## Required work
Leave every image out, and print the remaining lines below exactly.

(Beginning of Dataset content)

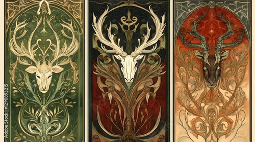 Ornate Art Nouveau Inspired Deer Antler and Wildlife with Floral Patterns and Organic Designs
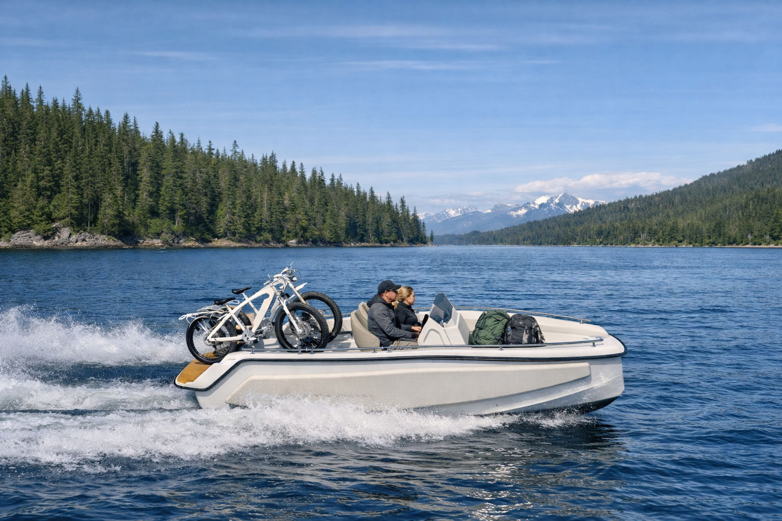 Coming standard with a ski or wake board tow point, the Pacifica 17 offers excellent sportsboat performance. An optional folding bimini gives great sun protection, guaranteeing a great day out on the water. Running surface protection for operation in rivers or beach landings is provided by an optional, removable Kevlar-E-glass hull shoe.
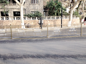 经常逛西湖的市民,一定会发现,在断桥口、距离北山路大约100米处,放置着一排与众不同的交通隔离设置,它是铁质的,呈灰黑色,显得很古朴,上面印有杭州的市标。它们和相比其他路段放置的白色栅栏相比,更具有杭州本土特色,与西湖断桥古色古香的气韵相得益彰,在确保了交通使用功能的基础上,还具有一定的观赏性。安放在游客如织的断桥景区,无疑给景区增色不少。

(End of Dataset content)

## Answer section
 Ornate Art Nouveau Inspired Deer Antler and Wildlife with Floral Patterns and Organic Designs
 Coming standard with a ski or wake board tow point, the Pacifica 17 offers excellent sportsboat performance. An optional folding bimini gives great sun protection, guaranteeing a great day out on the water. Running surface protection for operation in rivers or beach landings is provided by an optional, removable Kevlar-E-glass hull shoe.
 经常逛西湖的市民,一定会发现,在断桥口、距离北山路大约100米处,放置着一排与众不同的交通隔离设置,它是铁质的,呈灰黑色,显得很古朴,上面印有杭州的市标。它们和相比其他路段放置的白色栅栏相比,更具有杭州本土特色,与西湖断桥古色古香的气韵相得益彰,在确保了交通使用功能的基础上,还具有一定的观赏性。安放在游客如织的断桥景区,无疑给景区增色不少。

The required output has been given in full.